#### What you are asked to do
Without any images, write the listing below out word for word.

#### Records for this task
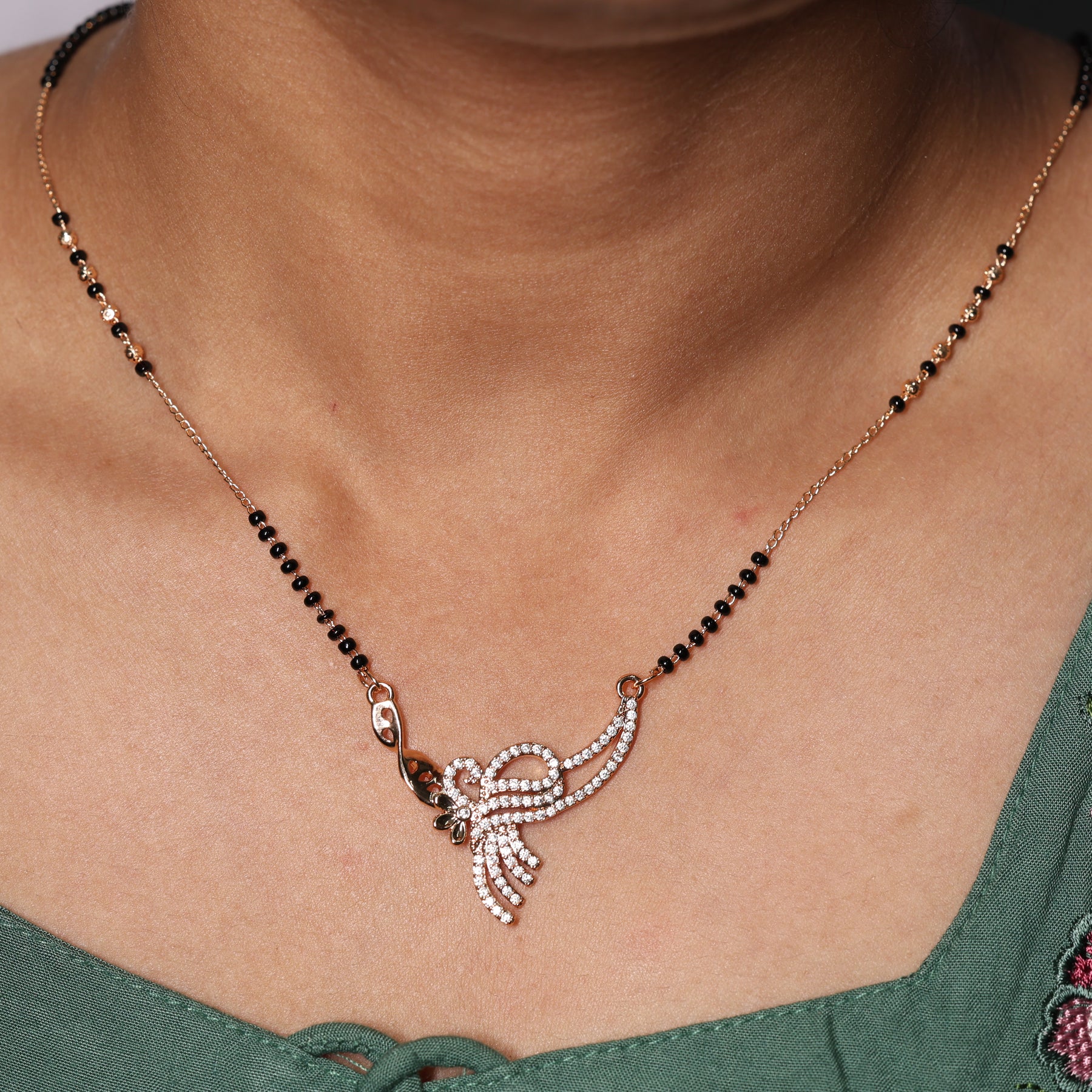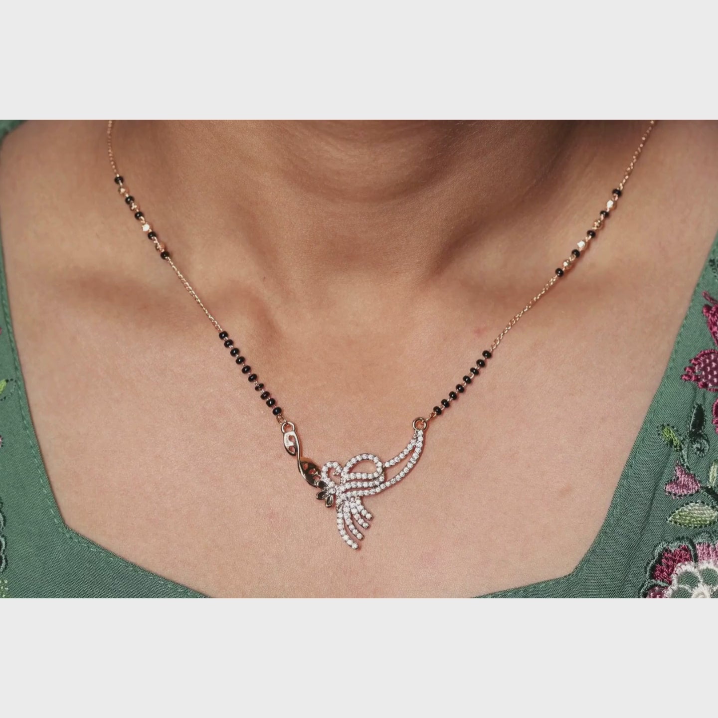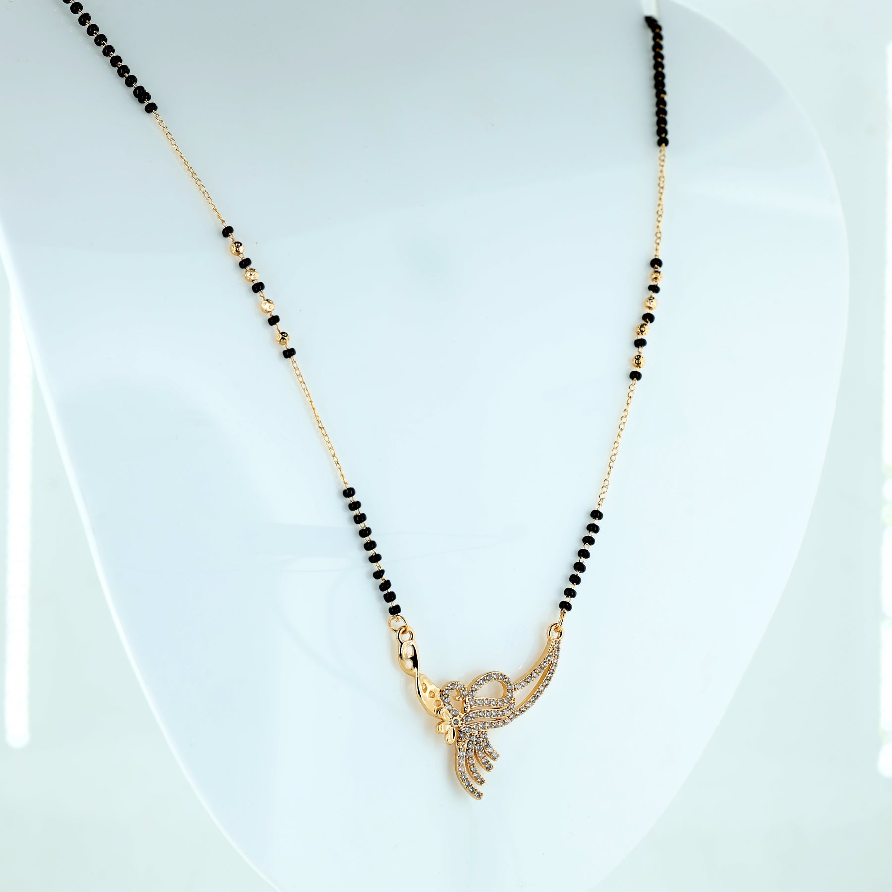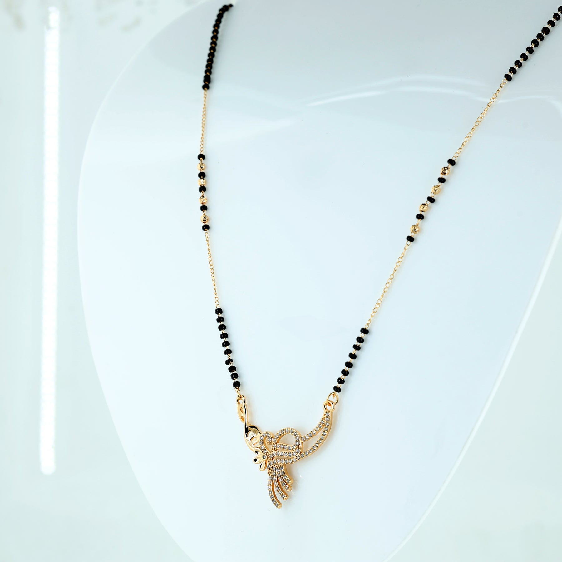 Featuring a creative and artistic silhouette, this Mangalsutra highlights a fluid, floral-inspired motif encrusted with brilliant pave stones. The centerpiece curves into an elegant, asymmetrical sweep that resembles a delicate blossom or stylized plumage. This modern focal point is paired with a classic gold-toned chain featuring alternating black and textured gold beads, making it an ideal choice for those who appreciate unique, contemporary jewelry with a traditional soul.
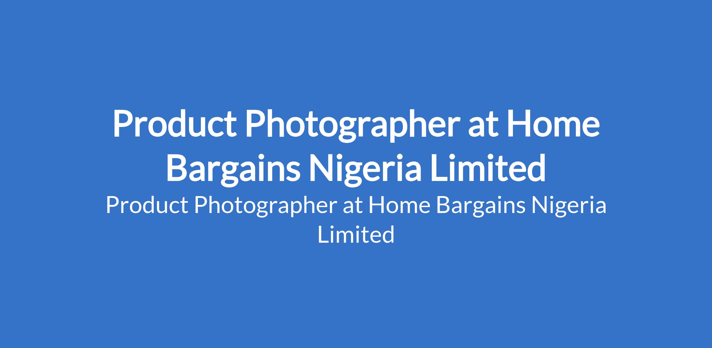 Home Bargains Nigeria Limited is recruiting to fill the position of: Product Photographer. The position is located in Wuse Zone 1, Abuja (FCT). Salary N100,000 monthly. Interested candidates should possess an HND or Bachelor's Degree in Visual Arts, Media, Digital Arts, or a related creative field with 2 3 years of professional experience in product photography, ecommerce photography, or retail visual content creation.
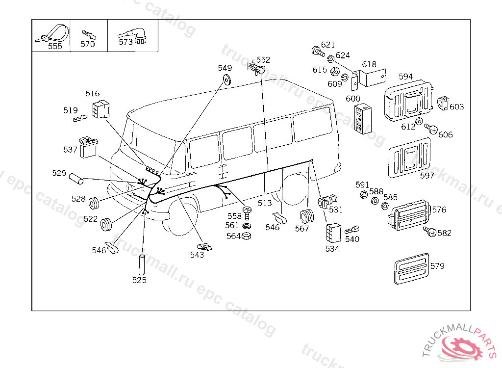 CABLE HARNESS FROM PLUG CONNECTION TO REAR CABLE CONNECTOR, FROM IDENT NO. 556500 ALSO INSTALLED ON 553795,555902,556120
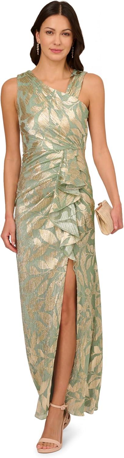 Adrianna Papell Womens Foil Asymmetric Gown(Sage/Gold)
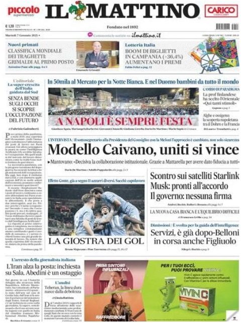 L'edizione odierna del quotidiano Il Mattino, in prima pagina, dà spazio anche al calcio soffermandosi sull'ottimo momento del Napoli in questa prima fase della stagione.
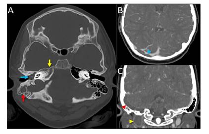 En este caso, la paciente presentaba otitis media con otorrea, parálisis del VI par craneal (contralateral), aunque sin alteración sensitiva en el territorio del nervio trigémino. En la resonancia magnética cerebral se confirmó la presencia de otomastoiditis, apicitis petrosa y trombosis ipsilateral de los senos venosos cerebrales con extensión a la vena yugular interna.
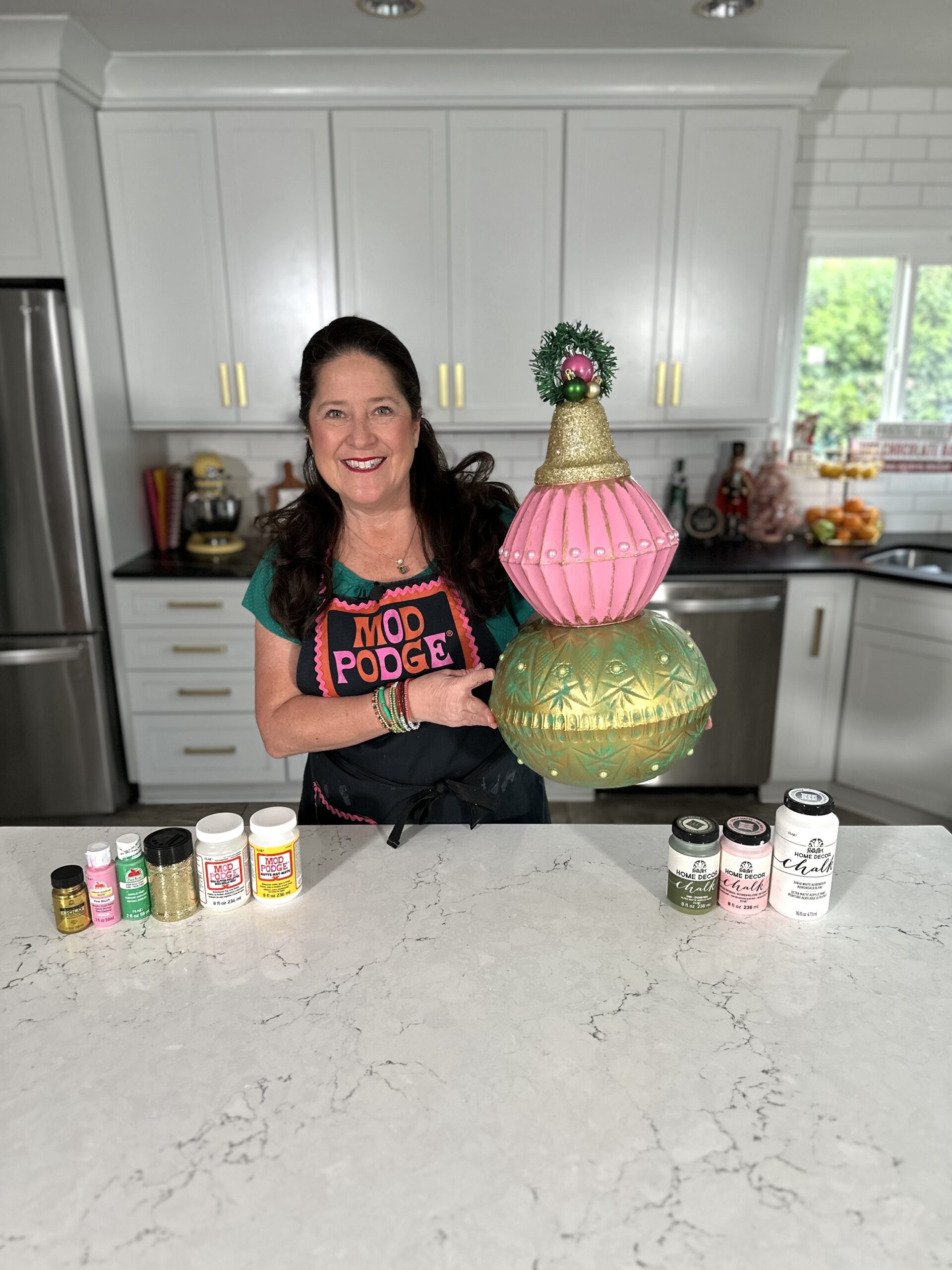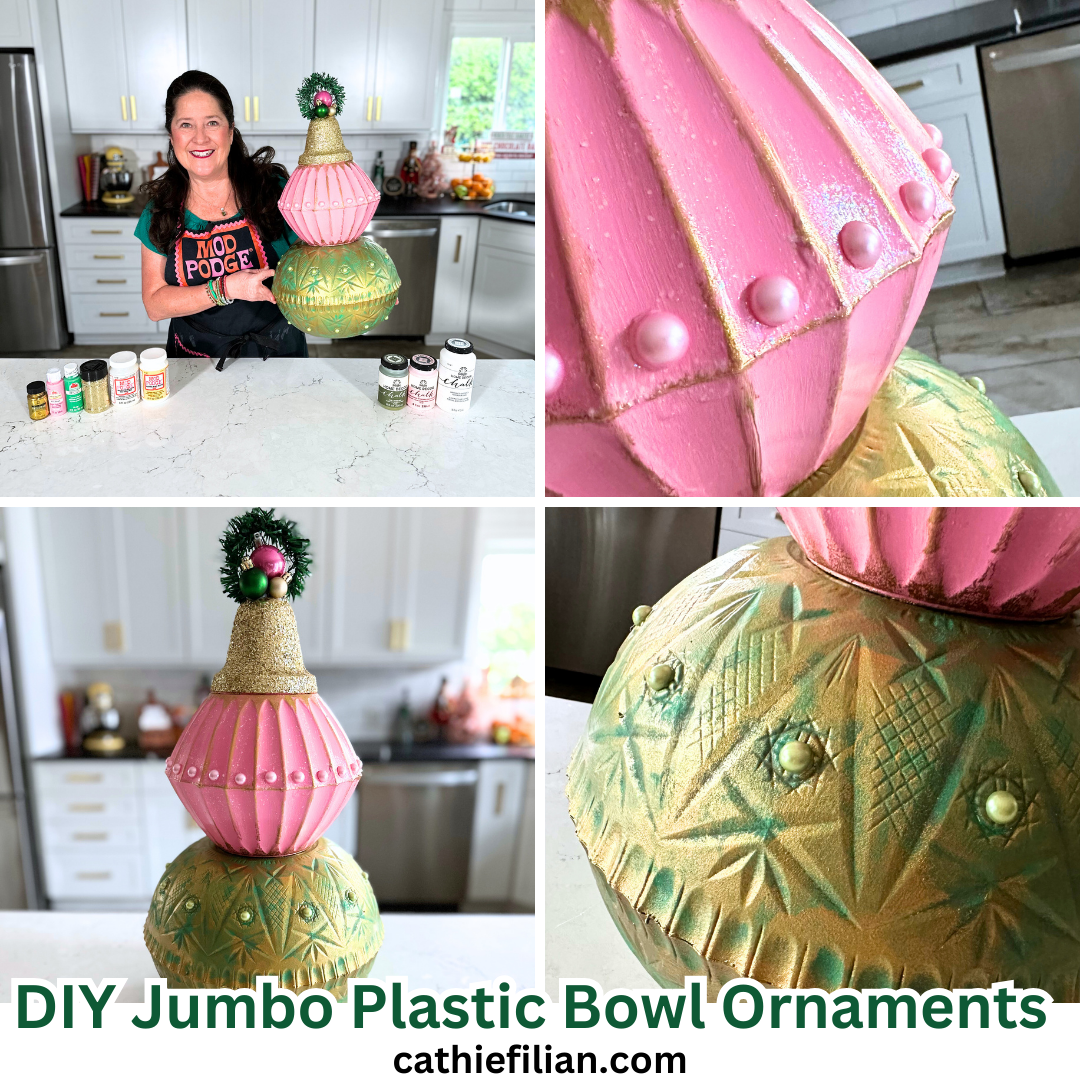 Learn how to Make Jumbo Ornaments with Dollar Tree Plastic Bowls and Mod Podge! These Gorgeous Jumbo Ornaments are made with Dollar Tree plastic bowls, paints and Mod Podge! In the DIY video below, I’m teaching this fun painting craft technique inspired by the pink,  green and gold colors from the movie, “Wicked.”
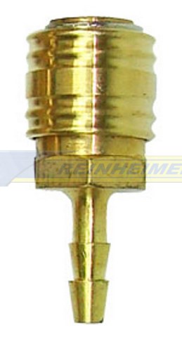 Einhandschnellkupplung mit Walzenverriegelung. Rueckschlagventil in der Kupplung, beim Kuppeln zwangsweise entriegelt. Stecker ohne Rueckschlagventil. Tuelle zum Aufschieben des Schlauches und Sichern mit Schlauchklemme.
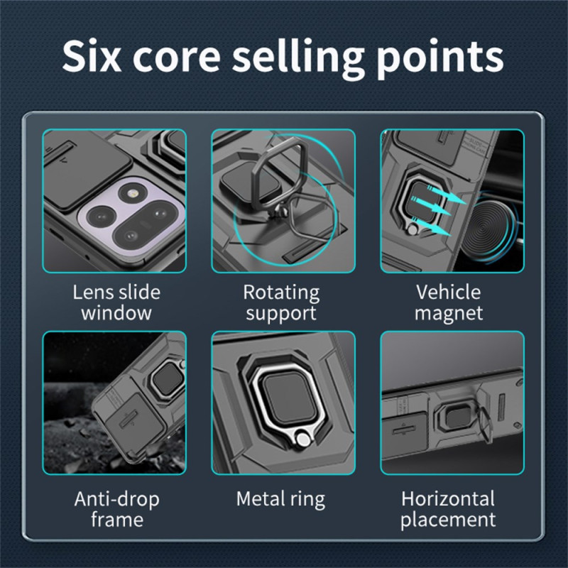 Skydda din OnePlus 15 5G med detta robusta fodral med ett integrerat roterande kickstand och skjutbart linsskydd. Stötskyddad design med upphöjda kanter för optimalt skydd av skärm och kamera. Enkel åtkomst till alla funktioner.
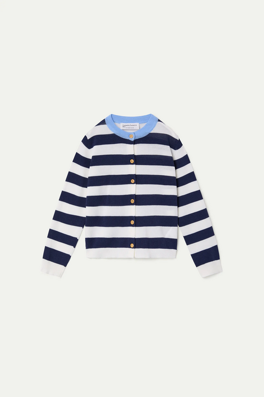 Cardigan da bambina con stampa a righe bianche e blu

#### Task output
 Featuring a creative and artistic silhouette, this Mangalsutra highlights a fluid, floral-inspired motif encrusted with brilliant pave stones. The centerpiece curves into an elegant, asymmetrical sweep that resembles a delicate blossom or stylized plumage. This modern focal point is paired with a classic gold-toned chain featuring alternating black and textured gold beads, making it an ideal choice for those who appreciate unique, contemporary jewelry with a traditional soul.
 Home Bargains Nigeria Limited is recruiting to fill the position of: Product Photographer. The position is located in Wuse Zone 1, Abuja (FCT). Salary N100,000 monthly. Interested candidates should possess an HND or Bachelor's Degree in Visual Arts, Media, Digital Arts, or a related creative field with 2 3 years of professional experience in product photography, ecommerce photography, or retail visual content creation.
 CABLE HARNESS FROM PLUG CONNECTION TO REAR CABLE CONNECTOR, FROM IDENT NO. 556500 ALSO INSTALLED ON 553795,555902,556120
 Adrianna Papell Womens Foil Asymmetric Gown(Sage/Gold)
 L'edizione odierna del quotidiano Il Mattino, in prima pagina, dà spazio anche al calcio soffermandosi sull'ottimo momento del Napoli in questa prima fase della stagione.
 En este caso, la paciente presentaba otitis media con otorrea, parálisis del VI par craneal (contralateral), aunque sin alteración sensitiva en el territorio del nervio trigémino. En la resonancia magnética cerebral se confirmó la presencia de otomastoiditis, apicitis petrosa y trombosis ipsilateral de los senos venosos cerebrales con extensión a la vena yugular interna.
 Learn how to Make Jumbo Ornaments with Dollar Tree Plastic Bowls and Mod Podge! These Gorgeous Jumbo Ornaments are made with Dollar Tree plastic bowls, paints and Mod Podge! In the DIY video below, I’m teaching this fun painting craft technique inspired by the pink,  green and gold colors from the movie, “Wicked.”
 Einhandschnellkupplung mit Walzenverriegelung. Rueckschlagventil in der Kupplung, beim Kuppeln zwangsweise entriegelt. Stecker ohne Rueckschlagventil. Tuelle zum Aufschieben des Schlauches und Sichern mit Schlauchklemme.
 Skydda din OnePlus 15 5G med detta robusta fodral med ett integrerat roterande kickstand och skjutbart linsskydd. Stötskyddad design med upphöjda kanter för optimalt skydd av skärm och kamera. Enkel åtkomst till alla funktioner.
 Cardigan da bambina con stampa a righe bianche e blu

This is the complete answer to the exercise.